The paraxial approximation assumes rays travel at small angles to the optical axis (θ ≈ sin θ ≈ tan θ). This simplification yields linear relationships between object distance, image distance, and focal length, making lens and mirror equations tractable. Non-paraxial rays produce spherical aberration.
From geometric optics, you know that light travels in straight lines called rays and obeys Snell's law at interfaces and the law of reflection at mirrors. In principle, if you know the shape of every optical surface, you could trace any ray through a system exactly. In practice, doing this with the full trigonometric expressions for every ray hitting every curved surface produces equations too complicated to yield insight. The paraxial approximation is the controlled simplification that makes lens and mirror optics analytically tractable.

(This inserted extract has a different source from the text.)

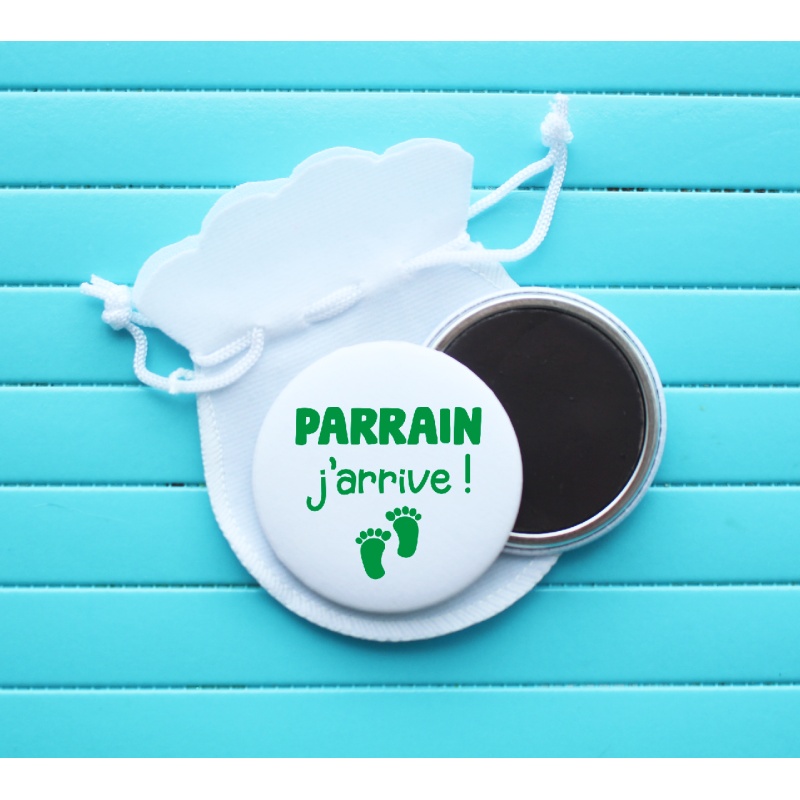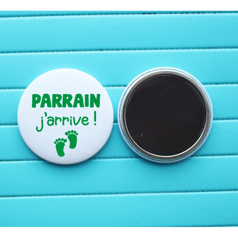 Magnet rond format 50 mm à offrir pour annoncer une grossesse au futur parrain.

The approximation rests on a Taylor series fact: for small angles θ measured in radians, sin θ ≈ θ and tan θ ≈ θ, with errors that scale as θ³. In a paraxial system — one where all rays stay close to the central optical axis — the angles are small enough that this substitution is accurate. Snell's law n₁ sin θ₁ = n₂ sin θ₂ becomes the linear relation n₁θ₁ = n₂θ₂, which is far easier to work with. The consequence is that all paraxial rays from a single object point converge to a single image point. This is the regime where the thin-lens equation 1/f = 1/d_o + 1/d_i holds exactly — the clean, linear relationship you will use throughout geometric optics.

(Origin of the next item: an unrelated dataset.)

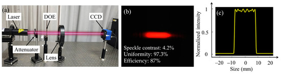 Furthermore, to verify the performance of the linear beam-shaping element, a beam-shaping experiment was carried out. The optical system is shown in Figure 9. The laser was first modulated by the DOE and the lens. The focal length, F, of the lens was 350 mm, and the CCD (HR16000CTLGEC) was placed at the focus plane of the lens to record the spot formed. The length of the linear spot collected by the CCD was 1.7 cm, which is basically consistent with the simulation results, namely, 1.728 cm, given in Section 2.1, as shown in Figure 9b. The intensity distribution was relatively uniform across the cross-section of the linear spot, as shown in Figure 9c. The speckle contrast, uniformity, and diffraction efficiency were 4.2.%, 97.3%, and 87%. In the experiment, the width of the spot formed was determined by the width of the input spot, which was 0.36 mm. Therefore, the actual spot that formed was thicker, as shown in Figure 9b, exhibiting a width consistent with that of the input spot.

The failure mode of the approximation reveals the physics of spherical aberration. For a spherical lens or mirror, rays that arrive far from the axis (marginal rays) hit the surface at steeper angles, where the sin θ ≈ θ approximation breaks down. These rays bend more sharply than paraxial rays and focus at a slightly different distance. Instead of a perfect point image, you get a blurry circle — the circle of least confusion. This is why high-quality camera lenses and telescopes use aspherical optics: by carefully deviating from a spherical shape, optical engineers can satisfy an exact focusing condition for marginal rays without relying on the paraxial approximation.
Think of the paraxial approximation as defining the regime where the optics of a system is linear. Linear systems are mathematically powerful: superposition holds, rays from different object points don't interfere with each other's images, and the behavior is fully captured by a small set of parameters (focal length, object distance). This is why paraxial optics forms the foundation for the matrix (ray-transfer matrix) formalism used to design multi-element optical systems — each lens or mirror is represented by a 2×2 matrix, and rays traveling through a sequence of elements are analyzed by matrix multiplication. All of this mathematical structure collapses cleanly from the one assumption: angles are small.